What ensues is a very Chuck-like comedy of errors, in which Ethan attempts to balance his new-found commitment to his family with his renewed obligation to the CIA. The problem is that the movie doesn't focus in enough on the main characters or plot to really make us care, all the while distracting with numerous subplots that are go-nowhere.
For example, Amber Heard's character, Vivi, feels like a lot of wasted potential. I'm an unabashed Amber Heard fan, and I think she excels at doing campy, pulpy, winking-at-the-audience parts (see: Drive Angry).
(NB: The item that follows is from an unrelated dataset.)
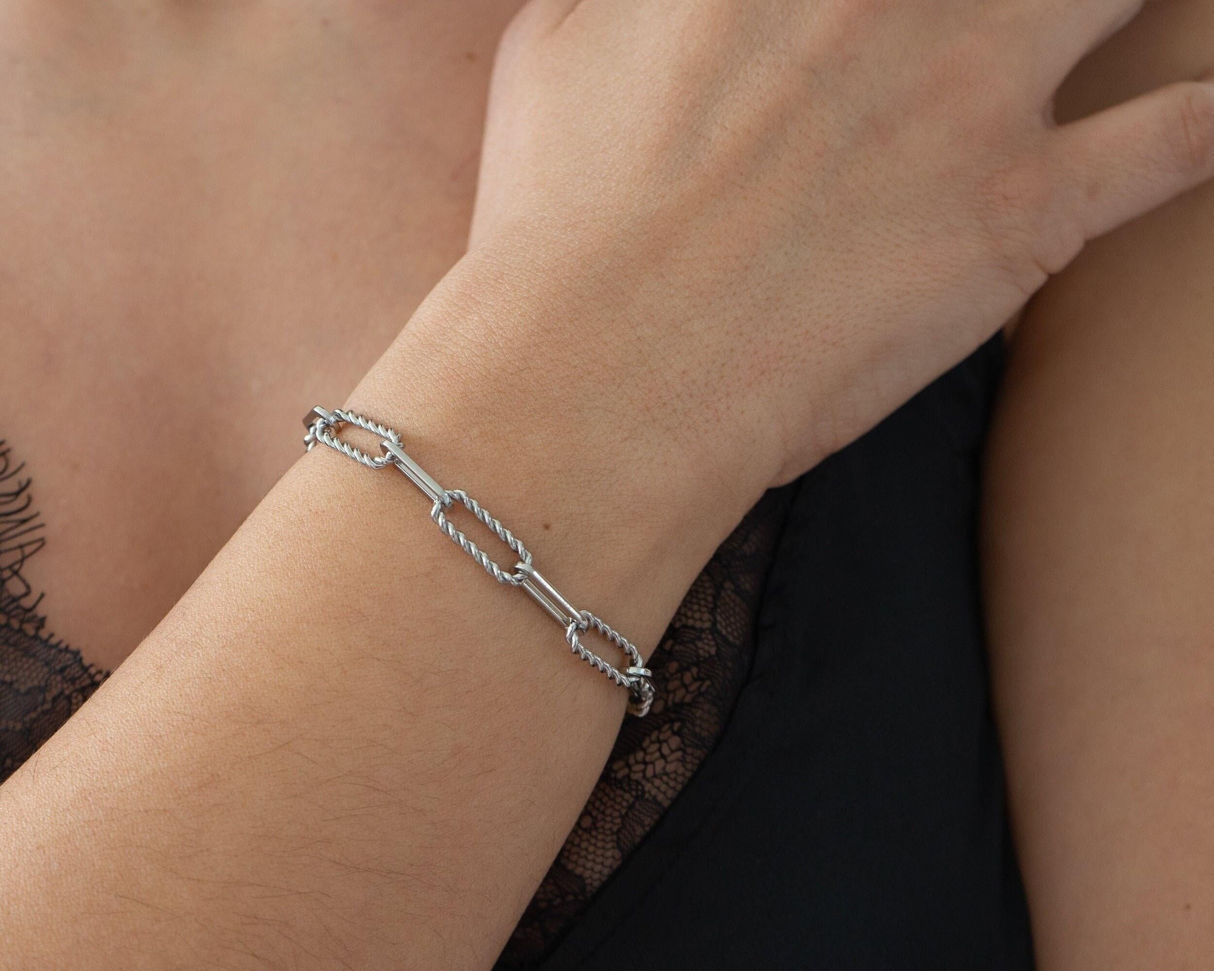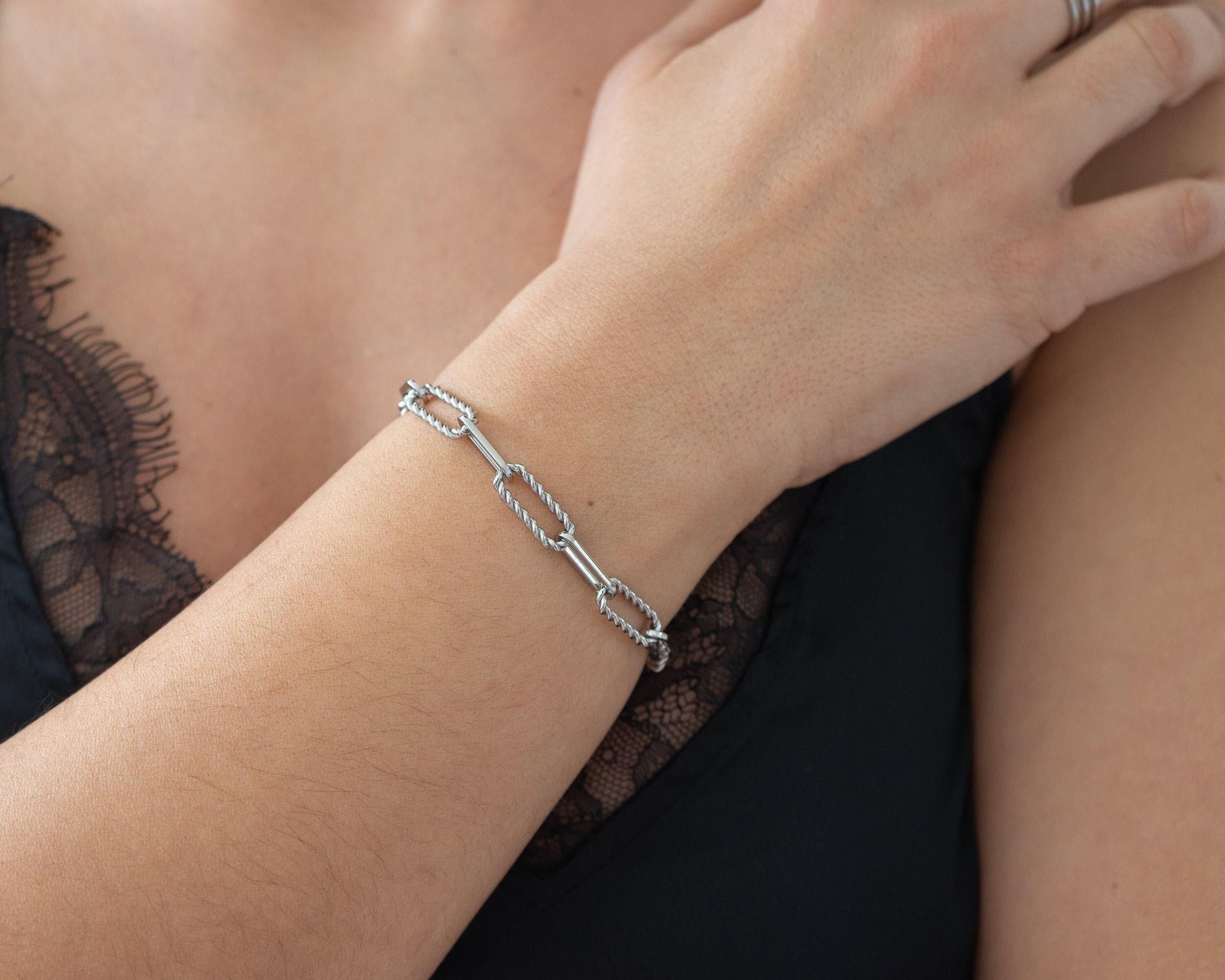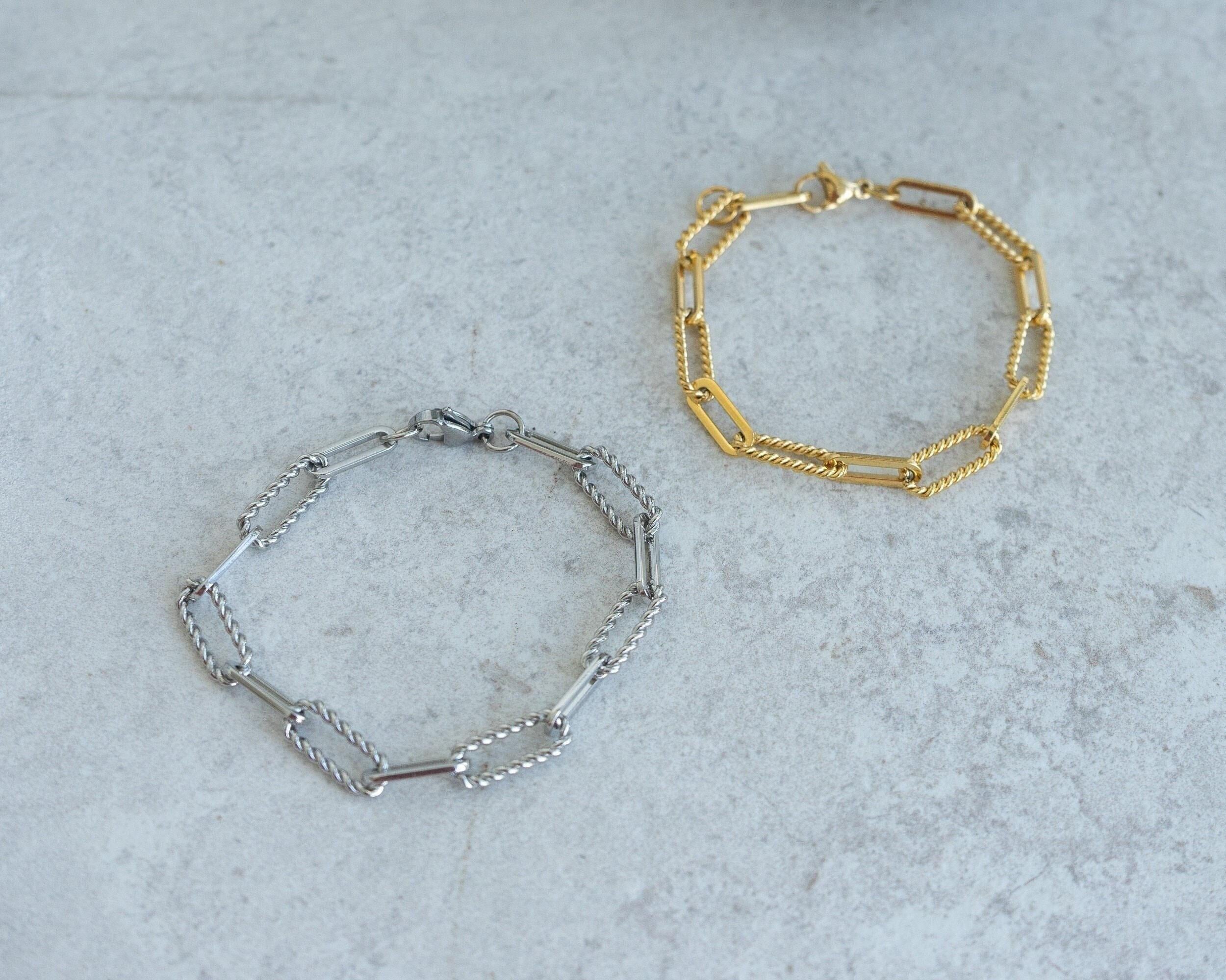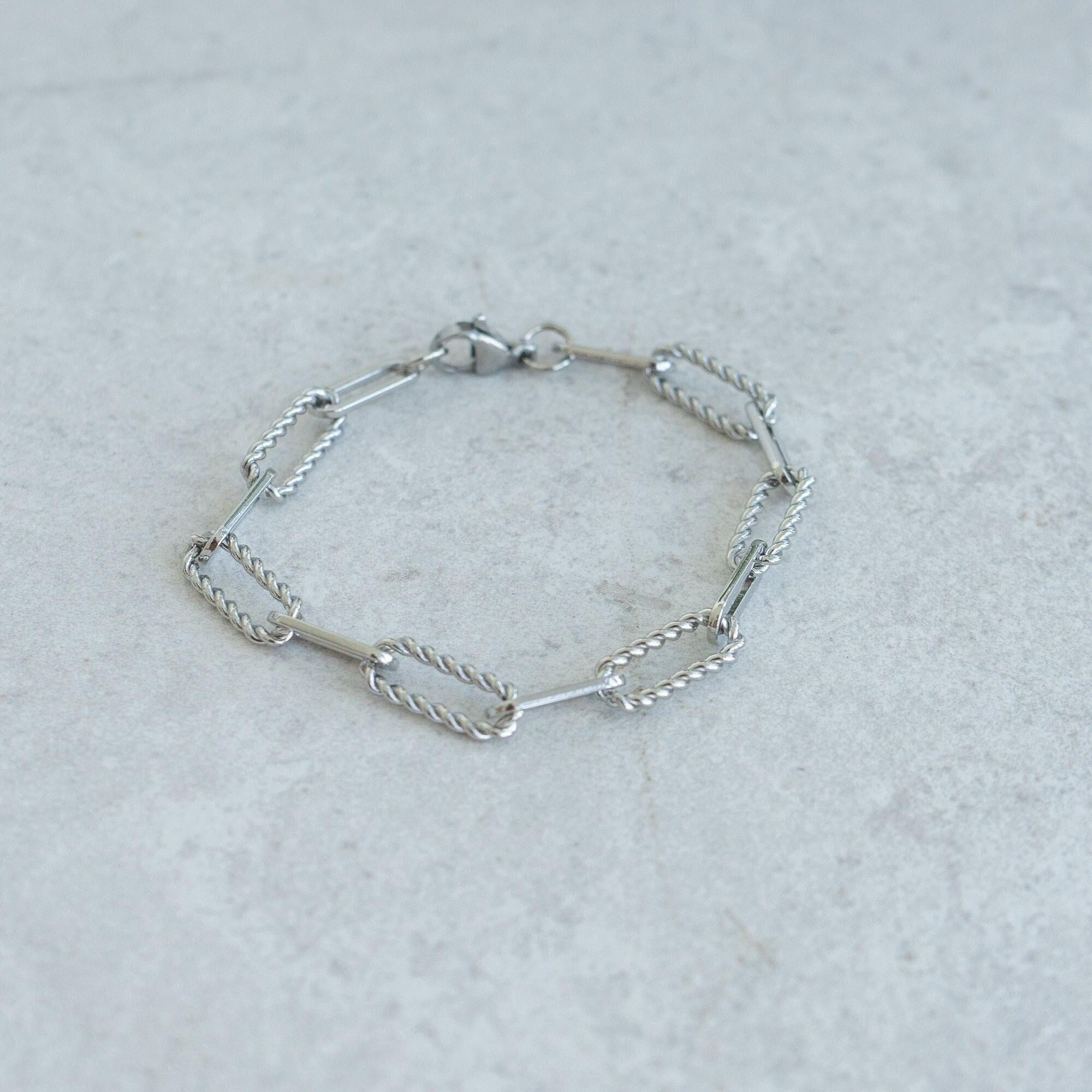 This elegant and timeless bracelet combines oval flat and twisted links to create a sophisticated and versatile design. Crafted from durable stainless steel, it is both waterproof and tarnish-free, ensuring long-lasting brilliance and functionality for everyday wear.

However, the movie never really settles on what the deal is with Vivi - we get vague hints that she's an exhibitionist and a danger-addict. And there's a half-baked attempt at creating an adversarial relationship with Costner, who inexplicably seems not only strangely immune to her feminine wiles, but also actively turned off by them. Vivi is a fun character, and Heard vamps and camps it up with gusto - but the character is ultimately too random - and too tonally off from most of the rest of the film - to make an impact.
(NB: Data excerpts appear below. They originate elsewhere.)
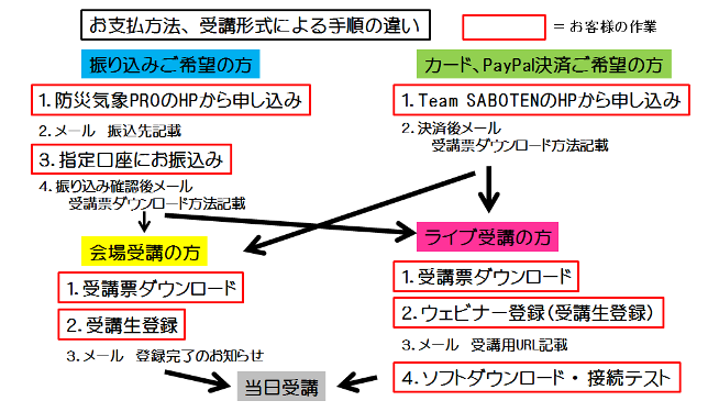 従来とはお申し込みの流れが少し変わります。受講料をお支払いただきましたら、受講票をダウンロードするURLをメールでお知らせいたします。受講票(PDF形式)をダウンロードしたら内容をご覧になり、会場受講、ライブ受講それぞれの手順で、受講生登録をしてください。お手数をおかけいたしますが、ご協力のほどよろしくお願いいたします。会場受講の方は、受講当日に受講票を印刷またはPDFの状態でお持ちください。
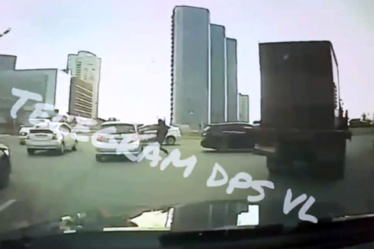 По данным канала, инцидент произошел после конфликта на проезжей части. Водитель Subaru Levorg без номеров создавал аварийную ситуацию на дороге, тогда водительница решила посигналить мужчине, но тот заблокировал ей проезд.
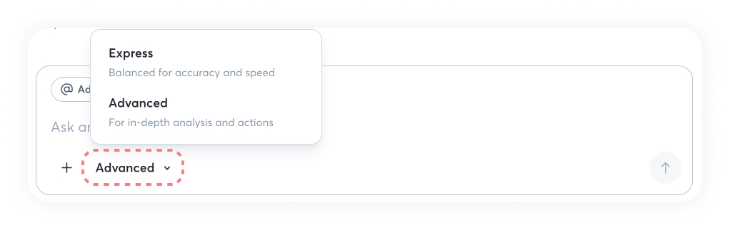 AI Chat offers two response modes — Express and Advanced — designed for different levels of reasoning, integration, and speed. Switch between modes as needed. Learn more about AI Chat modes.
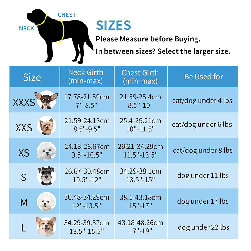 - Note: Do not rely solely on weight for sizing—always measure your pet's chest and neck to ensure the perfect fit. Refer to our sizing chart for guidance, and if between sizes, choose the larger one for added comfort.

As another example, there's a pretty pointless subplot in which Costner goes back to the old apartment he kept in Paris, only to find it occupied by a large, semi-impoverished family. Initially, Costner aims to kick out the squatters, but soon warms up to them. It's a very needless plot thread that just makes the movie feel padded. Meanwhile, the film's villains are sorely lacking in personality and clear motivation, and are generic as can be. Same goes for Ethan's wife - Nielsen's character is just sort of there, and we don't quite see any evidence of why Ethan is so eager to win her back. Most of the time, she seems sort of abrasive and cold towards him, until suddenly a switch is flipped and she inexplicably comes around.
One more bit of oddness: the entire story thread involving the magic serum that Vivi gives to Ethan - it's incredibly random in how it plays out, and makes no real sense. The whole conceit is that the drug makes Ethan woozy and weak, unable to see straight or stand straight. So why is Vivi giving it to him just before missions? And why, exactly, is Ethan needed for these missions - at the least, couldn't they get him some back up? Point being: if the CIA is so intent on catching the badguys here, why send in a guy, solo, who's prone to blacking out on the job? I was waiting for some twist about Ethan being manipulated by the CIA, but it never came.
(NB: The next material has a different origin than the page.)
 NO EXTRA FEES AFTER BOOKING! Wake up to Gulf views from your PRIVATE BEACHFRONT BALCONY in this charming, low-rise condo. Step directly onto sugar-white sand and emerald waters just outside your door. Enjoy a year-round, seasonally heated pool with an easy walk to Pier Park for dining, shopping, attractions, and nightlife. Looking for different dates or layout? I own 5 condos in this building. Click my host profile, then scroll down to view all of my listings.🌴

Handled much better, however, is the Costner-Steinfeld, father-daughter relationship. Steinfeld is a great young actress, and she, like Costner, makes scenes that could have been eye-rollingly sappy work way better than they have a right to.
What also works, for the most part, is the action. McG has always had a knack for staging fun, energetic action scenes - and he does it again here.There is some classic Besson-style mayhem - gunfights, car-chases, and good ol' fashioned brawls. Nothing quite as good as the best scenes in, say, Taken, but some very solid stuff nonetheless. And Costner dishes out the right hooks with gravitas aplenty. He also gets a chance to hit us with some dryly funny "get off my lawn" humor, which sometimes misses the mark, but occasionally made me chuckle. In particular, a speech he gives to his daughter's soccer-playing boyfriend about the merits of real American football is pretty amusing. What's more, even when the movie is sort of flailing plot and tone-wise, it still looks great and features all sorts of well-shot Paris locales.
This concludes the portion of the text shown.